Nantinya, jumlah ini tidak seluruhnya dapat dinikmati karyawan melainkan akan dipotong beberapa variabel lain seperti iuran pajak penghasilan, serta potongan pinjaman atau investasi tertentu.
Baca Juga : Ragam Komponen Gaji Tidak Tetap Karyawan di Indonesia
2. Komponen Payroll Tunjangan
Komponen tunjangan dapat berbeda pada setiap perusahaan karena menyesuaikan kebijakan internal, jabatan, maupun kebutuhan operasional.
Berikut beberapa jenis tunjangan yang umum diberikan di Indonesia.
Tunjangan Harian
Diberikan untuk membantu kebutuhan operasional karyawan sehari-hari, seperti uang makan atau transportasi. Umumnya hanya diberikan pada hari karyawan masuk bekerja.
Tunjangan Pakaian
Diberikan kepada karyawan yang diwajibkan mengenakan seragam atau dress code tertentu. Tunjangan dapat berupa uang, kain, maupun pakaian jadi.

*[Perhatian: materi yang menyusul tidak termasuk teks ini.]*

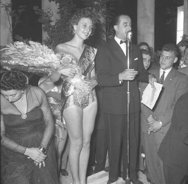 Organizzata dal Circolo della stampa presso lo stabilimento Castelreggio, la Festa della bellezza elegge Miss Trieste Any Spizzamiglio, 21 anni (da: Trieste 1900-1999. Cent'anni di storia, v. 6, p. 256)

Tunjangan Kemahalan atau Daerah Tertinggal
Diberikan kepada karyawan yang ditempatkan di wilayah dengan biaya hidup tinggi, daerah terpencil, atau perbatasan sehingga membutuhkan kompensasi tambahan.
Tunjangan Jabatan
Diberikan kepada karyawan yang menduduki posisi tertentu sebagai kompensasi atas tanggung jawab, kompleksitas pekerjaan, atau kewenangan yang lebih besar.

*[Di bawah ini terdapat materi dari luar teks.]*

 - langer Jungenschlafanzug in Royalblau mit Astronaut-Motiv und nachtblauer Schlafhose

Baca juga: Payroll Compliance 2026: Panduan Lengkap yang Wajib Diketahui HR
Tunjangan Keahlian
Diberikan kepada karyawan yang memiliki kompetensi atau sertifikasi khusus yang mendukung pekerjaan dan tidak dimiliki oleh seluruh karyawan.
Tunjangan Keluarga
Diberikan kepada karyawan yang telah menikah atau memiliki tanggungan keluarga sebagai bentuk dukungan terhadap tambahan kebutuhan hidup.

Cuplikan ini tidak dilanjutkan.